Groups warn of renewed ‘witch-hunt’ on gov’t critics with revival of Arroyo-era agency

BULATLAT FILE PHOTO: Speaking at a press conference were some of the activists who are among the “ST 72” who were repeatedly charged with trumped-up criminal cases. (Photo by Ronalyn Olea/Bulatlat)


MANILA – Progressive groups denounced the formation this week of the Inter-Agency Committee on Legal Action (IACLA), which they likened to the Inter-Agency Legal Action Group (IALAG) of the Arroyo administration which heaped trumped-up criminal charges against activists.

The IACLA was formed on Oct. 9 in an agreement between the Philippine National Police (PNP) and the Armed Forces of the Philippines (AFP). A report by RMN News said PNP Chief Ronald “Bato” dela Rosa and AFP Chief-of-staff Lt. Gen. Eduardo Año signed the agreement during the meeting of the AFP-PNP Joint Peace and Security Council Meeting held in Camp Crame, Quezon City. The body reportedly aims to push the legal cases against those who commit “atrocities” against state security forces.

“This means that the Duterte regime is setting in motion the government’s legal mill in targeting and harassing critics through fabricated charges, which will result in wholesale arrests and detention of activists and opposition members,” said Emmi de Jesus, Gabriela Women’s Partylist solon.

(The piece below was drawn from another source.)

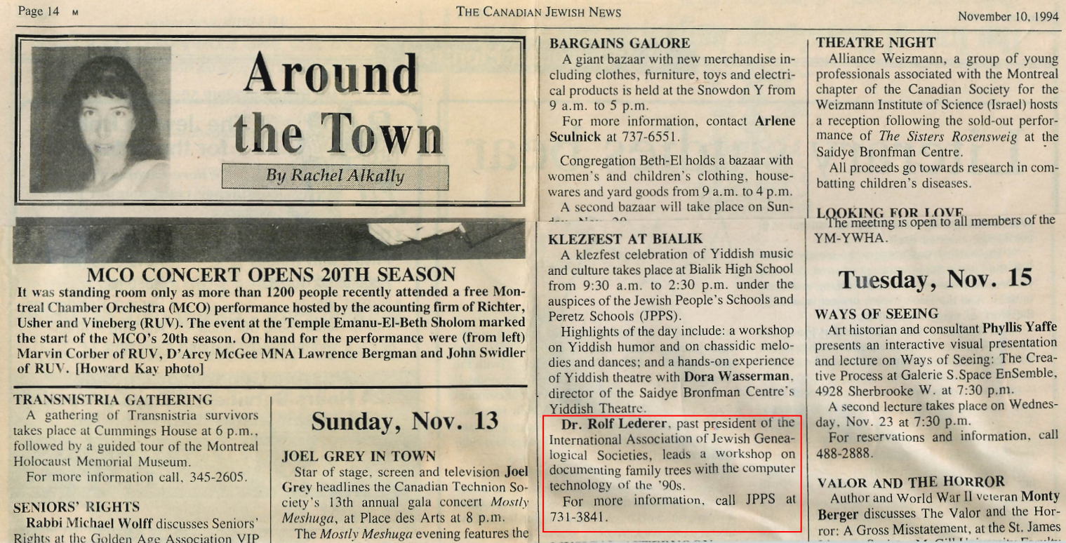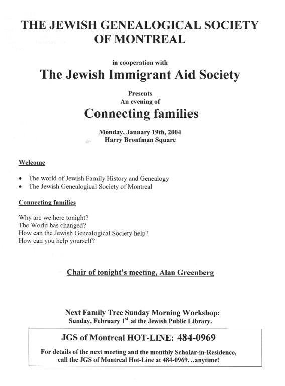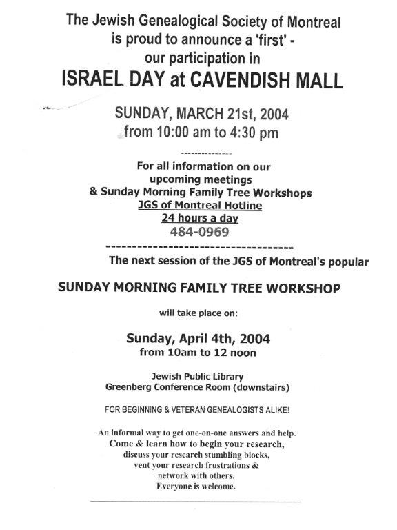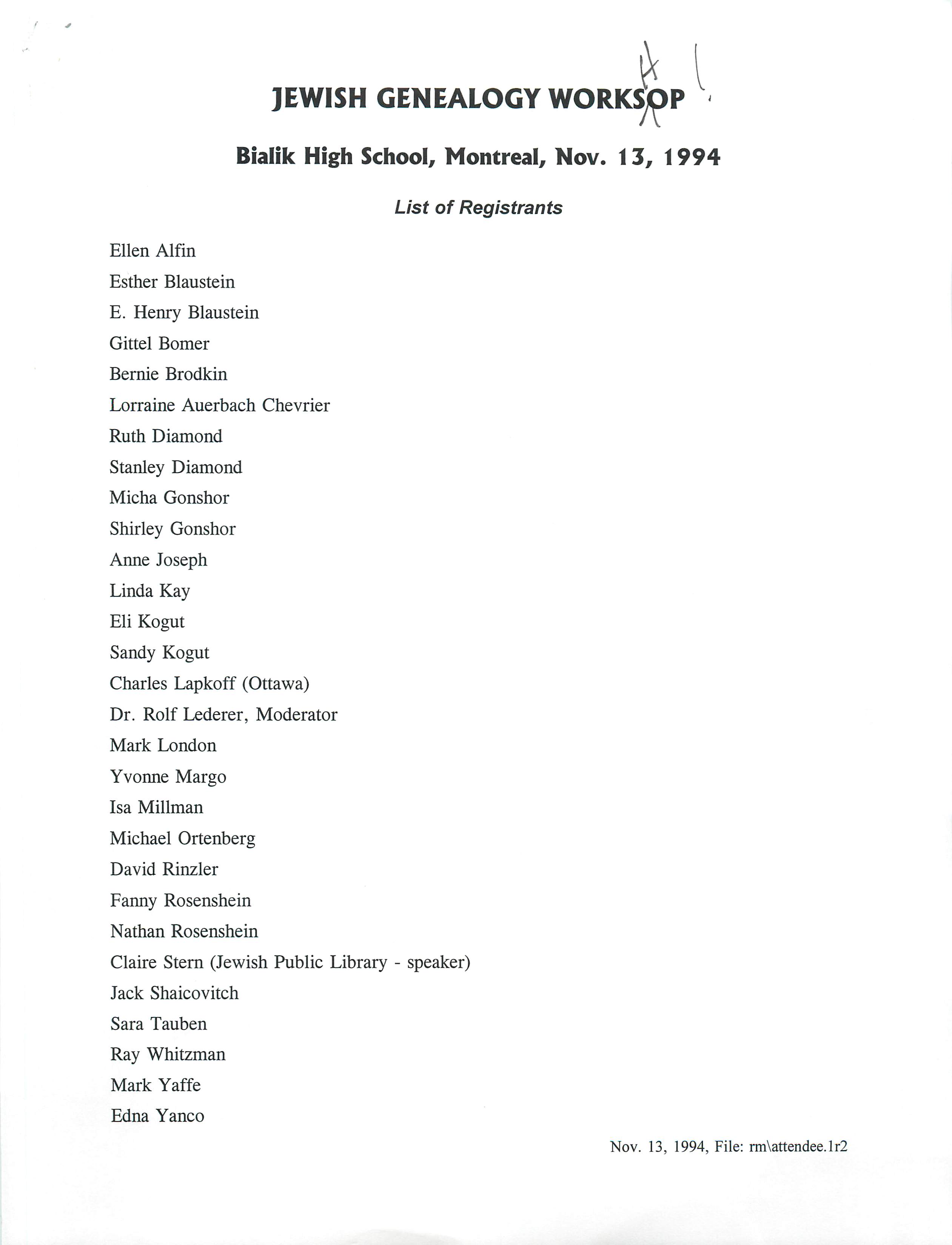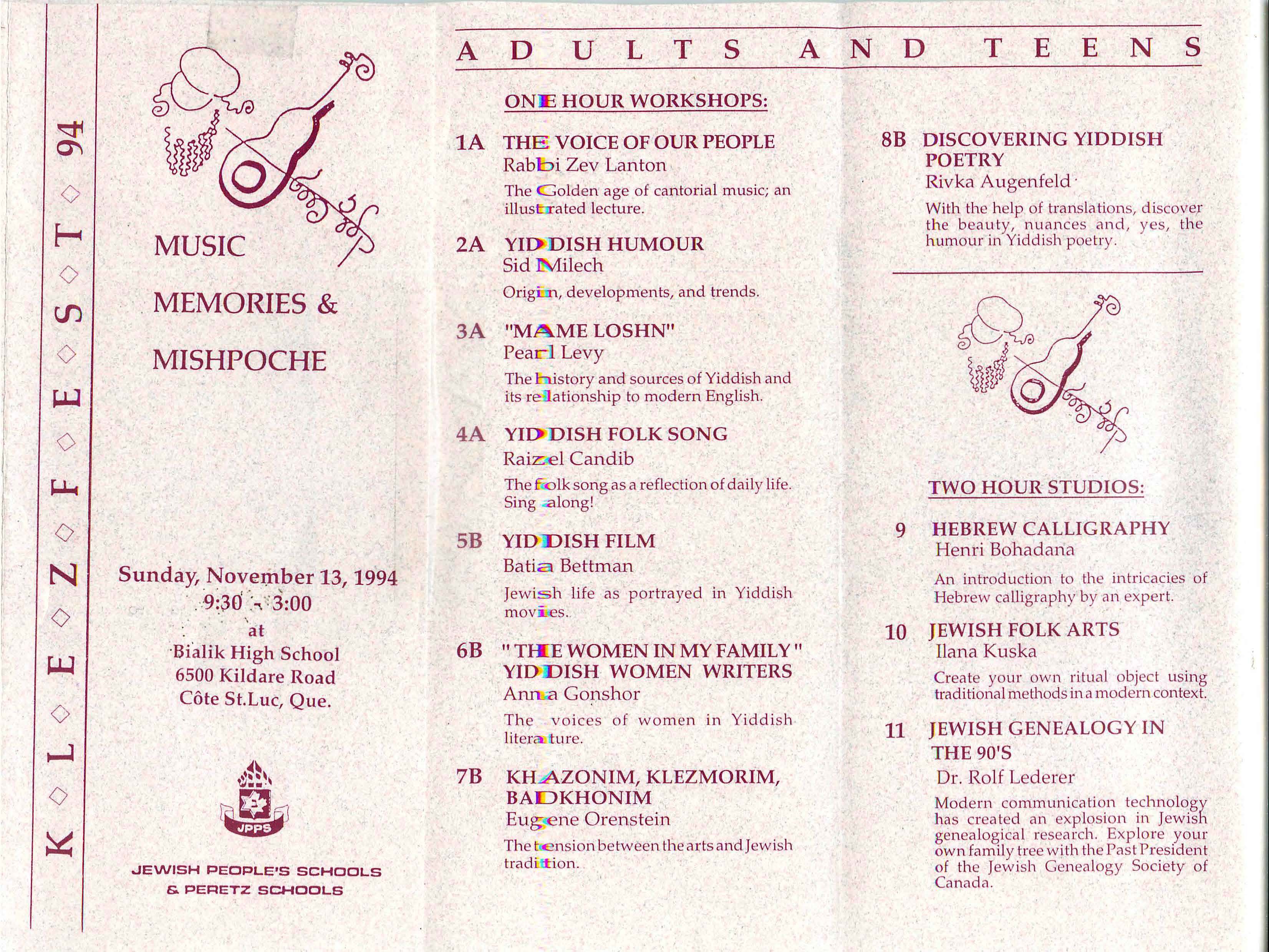 The workshop will be just one part of the activities at the Jewish Peoples School & Peretz School's KLEZFEST 94 taking place at Bialik High School, 6500 Kildare Road, Côte St. Luc, Que. Historical Documents on the Formation of JGS-Montreal:

The IACLA is the latest measure of the Duterte administration seen to clamp down on growing criticism, amid the martial law in Mindanao and the continued killings in the anti-drug operations. Last week, President Duterte signed the Presidential Anti-Corruption Commission, which aimed to investigate officials of the judiciary; while the Department of Justice endorsed the Citizen National Guard (CNG), a group which said they aim to “protect” the Duterte presidency.

Arroyo’s IALAG was formed on January 17, 2006, and was abolished on May 15, 2009, two years after United Nations Special Rapporteur Philip Alston recommended its abolition.

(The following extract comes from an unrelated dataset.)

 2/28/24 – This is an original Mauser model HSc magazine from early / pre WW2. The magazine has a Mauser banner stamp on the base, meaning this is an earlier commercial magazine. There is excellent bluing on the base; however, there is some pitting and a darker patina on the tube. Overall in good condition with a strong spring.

Hundreds of progressive leaders and activists were included in criminal cases against members of the New People’s Army (NPA), such as ambushes which resulted to deaths of soldiers and police. Many were arrested and detained for years, until they were acquitted in court. In effect, the legal offensives derailed activists and human rights defenders in their work as organizers, educators and leaders of campaigns on issues affecting the Filipino people.

“This also sets the ground for intensified vilification and extrajudicial killings of activists and even human rights workers,” De Jesus added. “Ang rehimeng gipit, sa papatinding panunupil kumakapit,” (A desperate regime relies on intensifying repression to keep itself in power) she said.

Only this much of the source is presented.